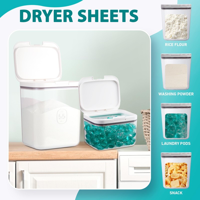 Large Capacity Laundry Powder Container With Pop-Up Lid, 5.5L and 2.8L Detergent Holder for Laundry Pods and Airtight Dishwasher Pod, Storage Container for Dry Food, Rice Flour with Scoop
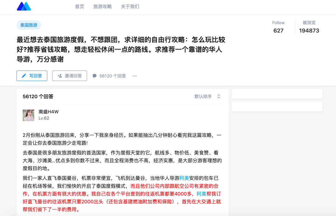 比如用“泰國(guó)旅游”作為關(guān)鍵詞進(jìn)行搜索后,你會(huì)發(fā)現(xiàn)置頂?shù)氖呛掀枫@國(guó)際旅行社、宜昌盛都國(guó)際旅行社等多個(gè)不知名中小商家信息。不過(guò)特別的是,這些旅行社的網(wǎng)站主頁(yè)做成了幾乎能夠以假亂真的“網(wǎng)頁(yè)版知乎”——先設(shè)置問(wèn)題,而后在回答中介紹了行程,同時(shí)還推薦某位導(dǎo)游并留下其微信號(hào)。相比于傳統(tǒng)的企業(yè)官網(wǎng)樣式,這種頁(yè)面引導(dǎo)消費(fèi)者的效果明顯強(qiáng)得多。
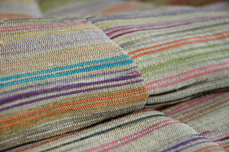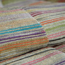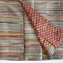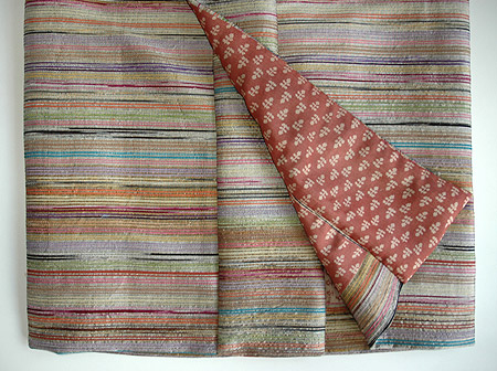 裂織りの布地をコートに仕立てました。 胴裏はインドのサリーを使用しております。 このほかに黒ベースの色をご用意しましたので、店頭にてご覧ください。
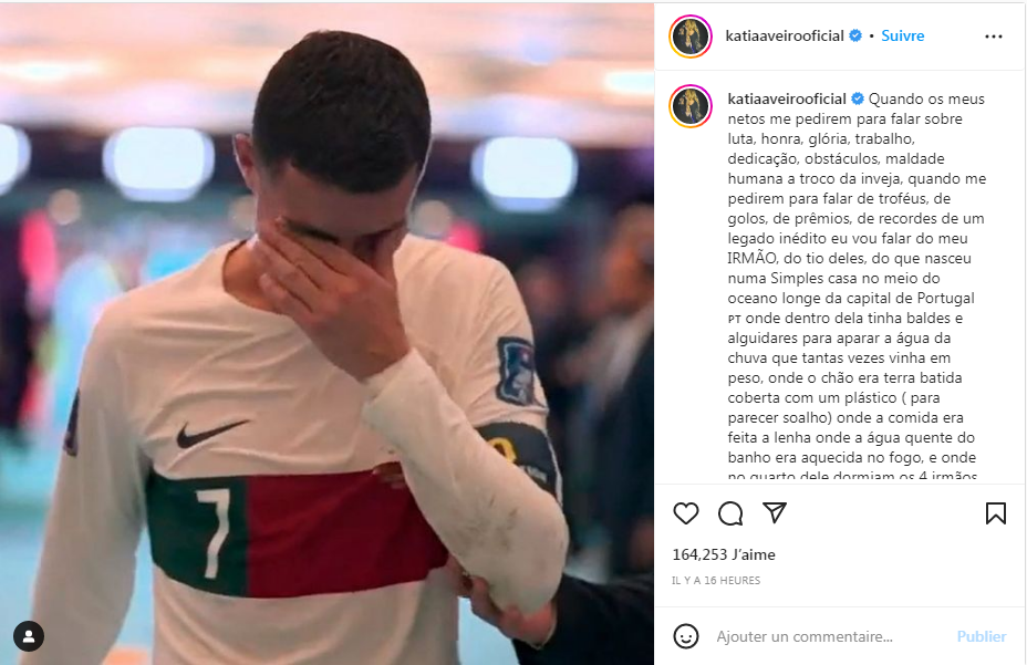 ونشرت أفييرو عبر حسابها على إنستغرام، صورة “الدون” وهو يبكي، بعد الخسارة أمام المغرب بهدف دون رد، وكتبت: “عندما يطلب مني أحفادي الحديث عن النضال والشرف والمجد والعمل والتفاني والعقبات والشر البشري مقابل الحسد، عندما يطلبون مني التحدث عن الجوائز والأهداف والجوائز وسجلات الإرث غير المسبوق، سأتحدث عن أخي، عمهم”.

##############################

What to work on: Apart from the images, retype the full material exactly as written.

Completed task:
 Large Capacity Laundry Powder Container With Pop-Up Lid, 5.5L and 2.8L Detergent Holder for Laundry Pods and Airtight Dishwasher Pod, Storage Container for Dry Food, Rice Flour with Scoop
 比如用“泰國(guó)旅游”作為關(guān)鍵詞進(jìn)行搜索后,你會(huì)發(fā)現(xiàn)置頂?shù)氖呛掀枫@國(guó)際旅行社、宜昌盛都國(guó)際旅行社等多個(gè)不知名中小商家信息。不過(guò)特別的是,這些旅行社的網(wǎng)站主頁(yè)做成了幾乎能夠以假亂真的“網(wǎng)頁(yè)版知乎”——先設(shè)置問(wèn)題,而后在回答中介紹了行程,同時(shí)還推薦某位導(dǎo)游并留下其微信號(hào)。相比于傳統(tǒng)的企業(yè)官網(wǎng)樣式,這種頁(yè)面引導(dǎo)消費(fèi)者的效果明顯強(qiáng)得多。
 裂織りの布地をコートに仕立てました。 胴裏はインドのサリーを使用しております。 このほかに黒ベースの色をご用意しましたので、店頭にてご覧ください。
 ونشرت أفييرو عبر حسابها على إنستغرام، صورة “الدون” وهو يبكي، بعد الخسارة أمام المغرب بهدف دون رد، وكتبت: “عندما يطلب مني أحفادي الحديث عن النضال والشرف والمجد والعمل والتفاني والعقبات والشر البشري مقابل الحسد، عندما يطلبون مني التحدث عن الجوائز والأهداف والجوائز وسجلات الإرث غير المسبوق، سأتحدث عن أخي، عمهم”.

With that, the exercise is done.